Making the Right Diagnosis
All infants born in New York State are screened for SCID, but many children who have a positive test result do not actually have the disorder. Advanced testing and further evaluation are required to confirm the diagnosis. We offer these confirmation tests, including genetic testing, at NewYork-Presbyterian Morgan Stanley Children's Hospital. Our hospital accepts referrals of children who tested positive for SCID during newborn screening. To refer a patient for the evaluation of SCID or other immunological disorder, call (212) 305-2300.
We see children within 24 hours of referral to our SCID Specialty Care Center. We perform initial testing and provide many results available within 24-48 hours, and we will continue to monitor the health of those children whose additional testing indicates that they do not have SCID.

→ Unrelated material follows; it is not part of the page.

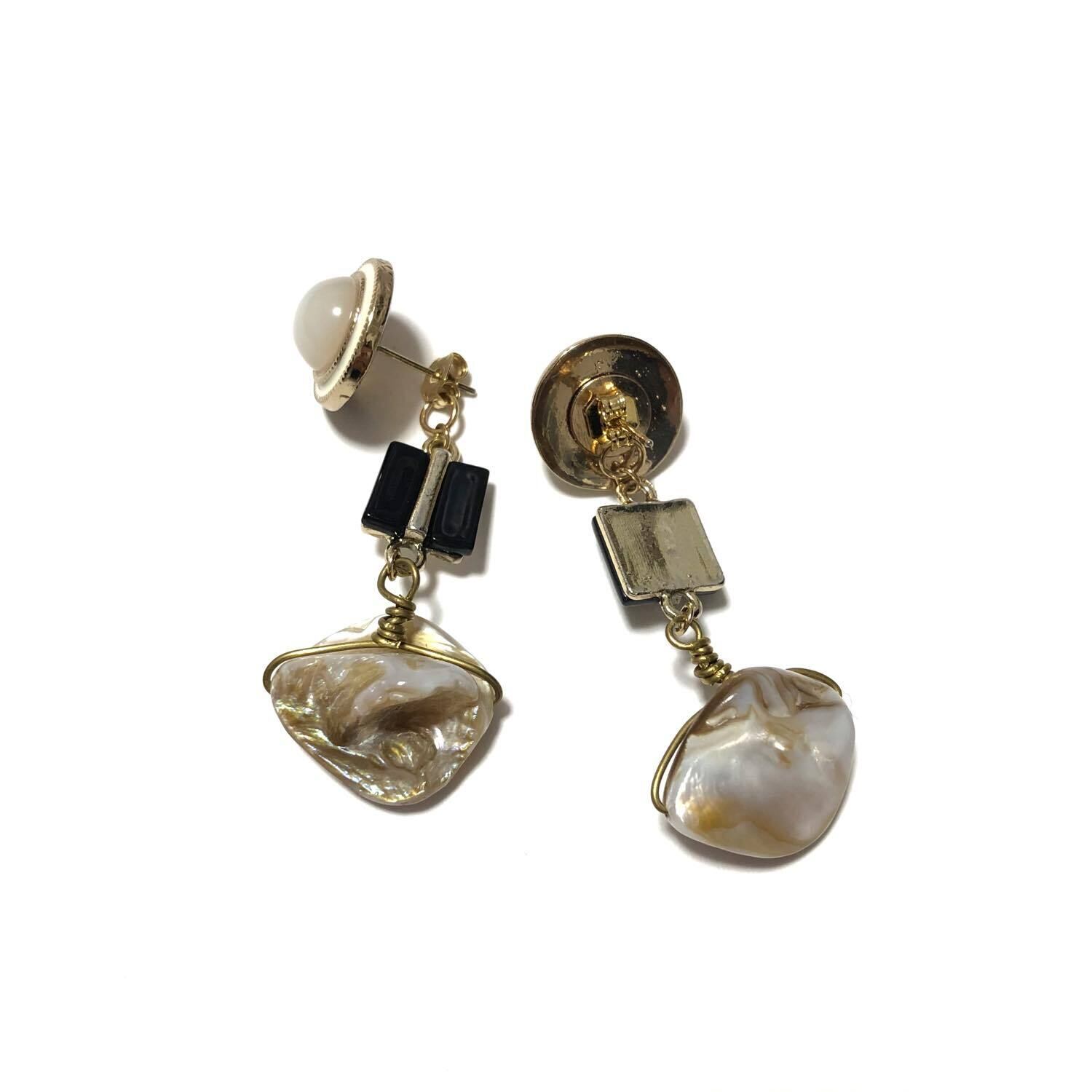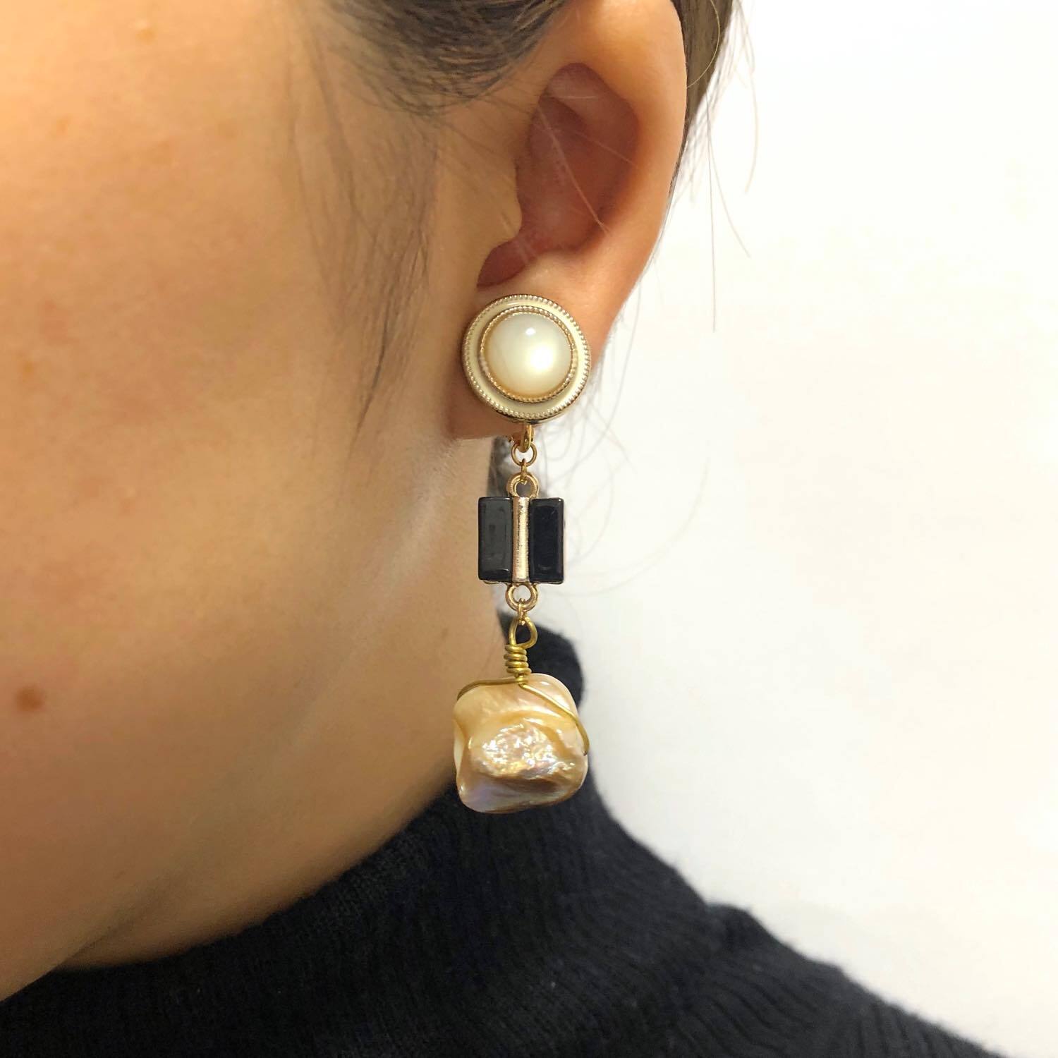 レトロなボタンとシェルチャームの〈ピアス/イヤリング〉

Bone Marrow Transplantation for SCID
Bone marrow transplantation (also known as stem cell transplantation) is the most effective treatment for SCID. The ideal donor is a perfectly matched (through HLA-typing) sibling who has a normal immune system. If a child does not have a matched sibling donor, good success is possible with a matched unrelated donor and even half-matched related donor (such as a parent). The best time for a child with SCID to undergo bone marrow transplantation is within the first couple of months of life, before severe and recurrent infections and other complications occur.

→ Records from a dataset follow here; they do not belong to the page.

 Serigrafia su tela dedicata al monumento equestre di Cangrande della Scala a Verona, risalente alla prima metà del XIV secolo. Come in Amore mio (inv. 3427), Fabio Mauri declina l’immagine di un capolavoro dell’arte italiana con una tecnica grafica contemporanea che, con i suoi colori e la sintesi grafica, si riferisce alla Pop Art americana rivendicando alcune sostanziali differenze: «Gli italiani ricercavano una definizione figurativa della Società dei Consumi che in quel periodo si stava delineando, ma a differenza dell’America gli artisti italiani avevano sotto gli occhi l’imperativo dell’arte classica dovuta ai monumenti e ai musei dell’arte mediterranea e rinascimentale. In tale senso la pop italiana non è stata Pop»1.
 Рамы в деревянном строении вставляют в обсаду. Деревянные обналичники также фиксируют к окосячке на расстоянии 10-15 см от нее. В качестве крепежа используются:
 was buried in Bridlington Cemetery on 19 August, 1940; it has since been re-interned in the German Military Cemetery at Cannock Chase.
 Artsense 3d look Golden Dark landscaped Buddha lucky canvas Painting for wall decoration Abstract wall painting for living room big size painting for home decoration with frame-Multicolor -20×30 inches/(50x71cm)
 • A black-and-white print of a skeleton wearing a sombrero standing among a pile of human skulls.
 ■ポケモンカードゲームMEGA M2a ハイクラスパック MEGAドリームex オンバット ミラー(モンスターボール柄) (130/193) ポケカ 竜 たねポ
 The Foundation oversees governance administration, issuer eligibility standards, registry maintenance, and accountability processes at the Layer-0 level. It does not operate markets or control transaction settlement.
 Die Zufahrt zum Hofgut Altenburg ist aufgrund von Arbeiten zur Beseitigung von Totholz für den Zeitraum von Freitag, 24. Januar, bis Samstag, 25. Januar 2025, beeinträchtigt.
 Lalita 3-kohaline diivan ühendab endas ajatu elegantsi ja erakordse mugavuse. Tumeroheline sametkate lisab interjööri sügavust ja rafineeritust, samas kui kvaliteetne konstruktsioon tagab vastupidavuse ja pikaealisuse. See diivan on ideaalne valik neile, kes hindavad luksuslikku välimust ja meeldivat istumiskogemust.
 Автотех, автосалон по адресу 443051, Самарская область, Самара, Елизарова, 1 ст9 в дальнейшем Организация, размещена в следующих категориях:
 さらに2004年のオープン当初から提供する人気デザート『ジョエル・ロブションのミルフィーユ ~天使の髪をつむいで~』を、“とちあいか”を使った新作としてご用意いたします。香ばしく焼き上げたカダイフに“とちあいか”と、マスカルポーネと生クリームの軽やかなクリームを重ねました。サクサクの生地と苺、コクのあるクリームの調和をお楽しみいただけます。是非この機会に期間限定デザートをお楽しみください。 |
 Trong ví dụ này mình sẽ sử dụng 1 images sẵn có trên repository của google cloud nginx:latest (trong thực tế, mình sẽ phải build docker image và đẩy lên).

NewYork-Presbyterian Morgan Stanley Children's Hospital has one of the oldest and most experienced bone marrow transplantation programs in the nation. Children who undergo transplantation here benefit from an onsite pediatric intensive care unit staffed by experienced pediatric critical care medical professionals.

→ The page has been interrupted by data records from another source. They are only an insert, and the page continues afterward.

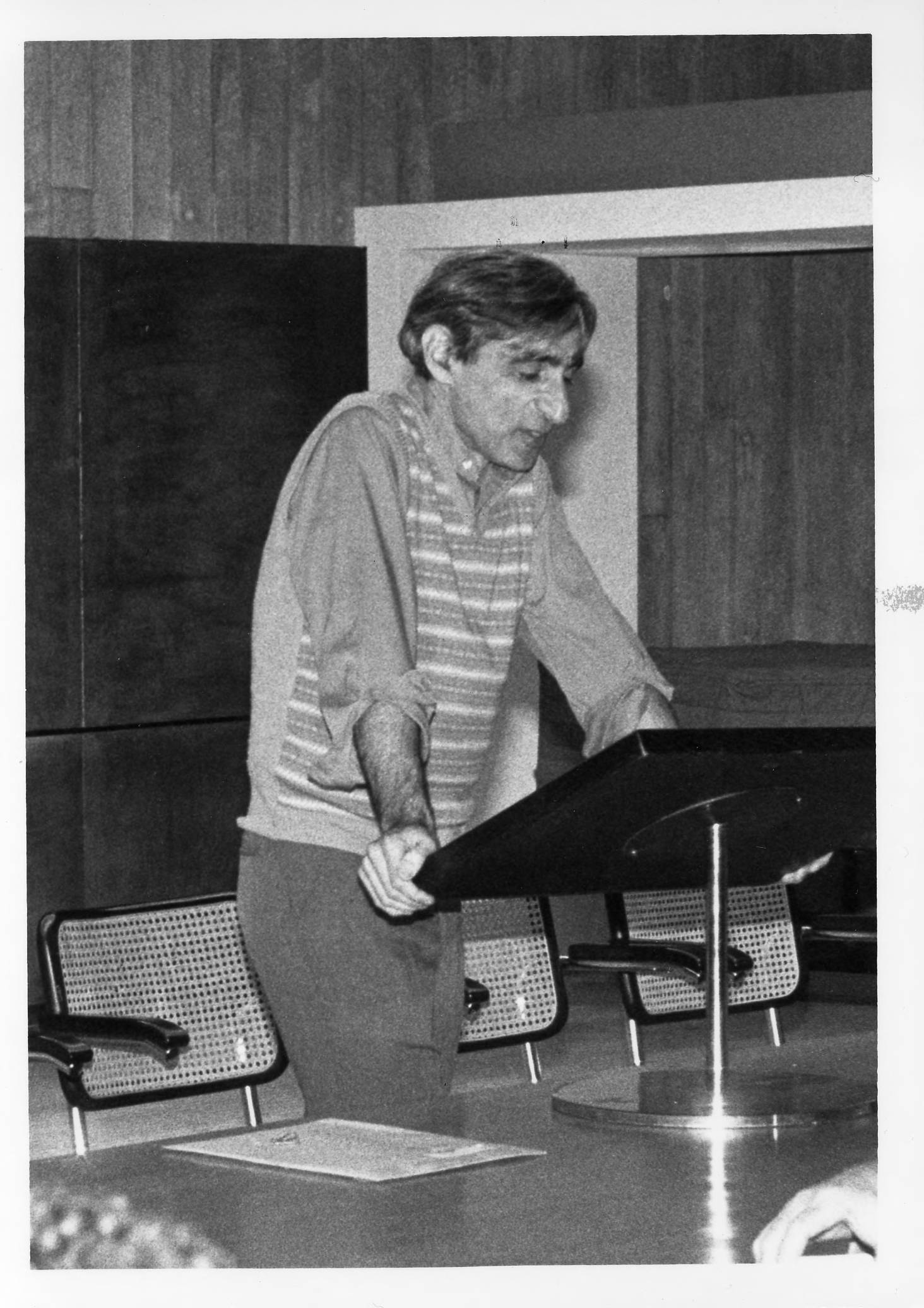 Informal portrait of School of Social Science Faculty member Michael Walzer presenting a talk at the Institute for Advanced Study.
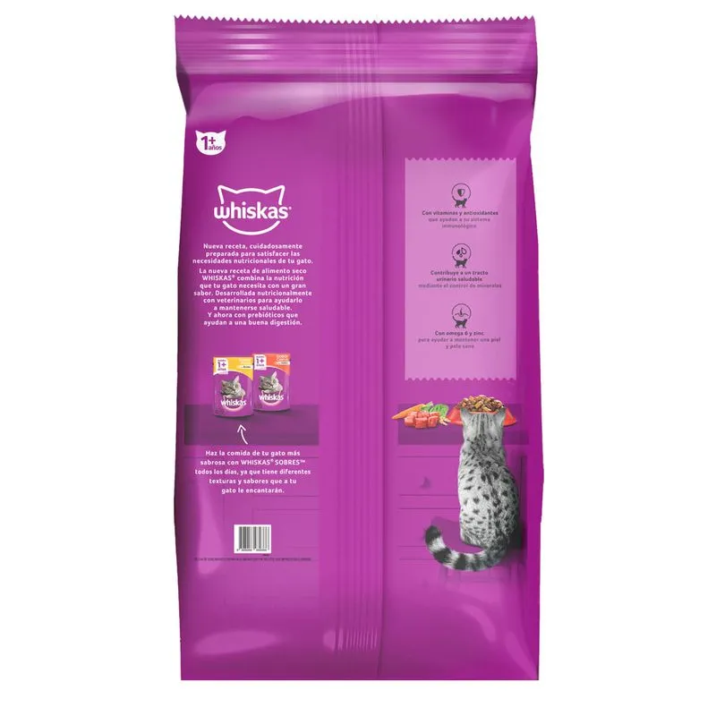 WHISKAS Carne está formulado para brindar a tu gato una alimentación completa y balanceada, con el sabor irresistible de la carne que tanto disfruta. Sus croquetas crujientes por fuera y suaves por dentro ayudan a mantener la salud bucal, mientras que su fórmula aporta proteínas, vitaminas y minerales esenciales para una vida sana y activa.
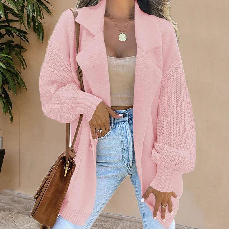 Women Turn-down Collar Sweater Cardigan Autumn Solid Ribbed Tops Jacket Winter Lantern Long Sleeve Thick Coat
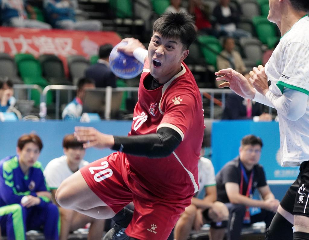 11月3日,山西隊球員劉文東(左)在比賽中進攻。當日,在香港啟德體藝館舉行的第十五屆全國運動會男子手球預賽B組比賽中,山西隊33比32戰勝山東隊。新華社發 (王申 攝)
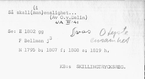 //// , • "<•.•.•••' . • . r V . •..» V. .' • ' •• i y . > -V-J/q //// (i //// Så skall(man)enslighet... //// (Av O.Dalin) VA 2U ' 41 //// Se: E 1802 gg Q j&f ,. //// 3 //// F Bellman j -.O.a' /-/Sty //// N 1795 b; 1807 f; 1303 a; 1819 h, //// = //// KB:s SKILLINGTRYCKSREG. ////
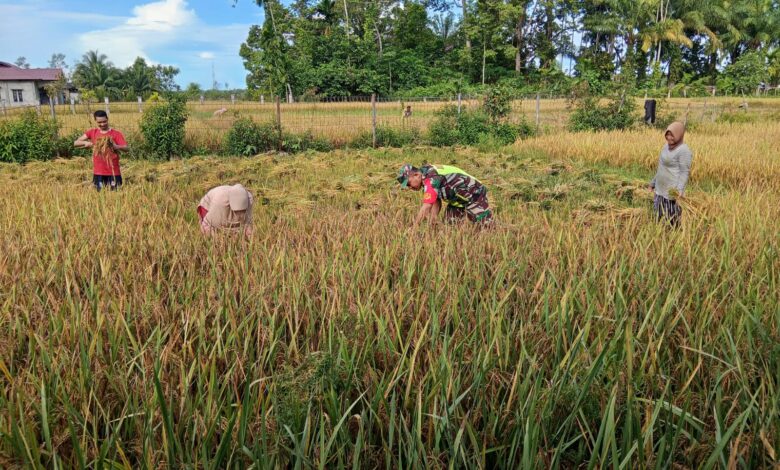 Selalu Ada Bersama Warga Binaan Babinsa Jajaran Korem 012/TU Bantu Petani Panen Padi
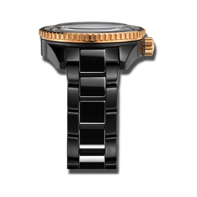 Премиальная модель обладает винтажным характером, чёрный циферблат обращает наше внимание на оригинальные стрелки в виде меча и стрелы. Часы обладают высокими показателями водонепроницаемости - сохранение герметичности до 20 бар, что стало возможным благодаря завинчивающейся задней крышке и заводной головке. Автоподзавод. Антибликовая обработка сапфирового стекла. Корпус из керамики, безельБезельВнешний ободок, закрепляющий стекло. В спортивных часах так называется поворотное кольцо с делениями на циферблате, выполняет роль таймера – замеряет отрезки времени на шкале. Неподвижный безель – элемент декора. Однонаправленно вращающийся безель на дайверских часах позволяет фиксировать моменты погружения и выныривания на поверхность. из высокотехнологичной керамикиВысокотехнологичная керамикаИнновационный запатентованный Rado материал с гладкой или матовой поверхностью. Керамика за счёт кристаллической структуры обладает повышенной устойчивостью от возникновения царапин. Материал способен принимать температуру тела человека, обеспечивая невероятный комфорт при ношении.. Прочный керамический браслет. Отображение числа. Диаметр корпуса: 43 мм.

Your Child's Healthcare Team
The SCID Specialty Care Center team is directed by Yesim Demirdag, MD, and includes highly qualified allergists and immunologists with specialty training in immunodeficiency syndromes, genetic counselors, hematologists with expertise in bone marrow transplantation, nurses and nurse practitioners, social workers, and other support staff to meet the needs of our patients and their families.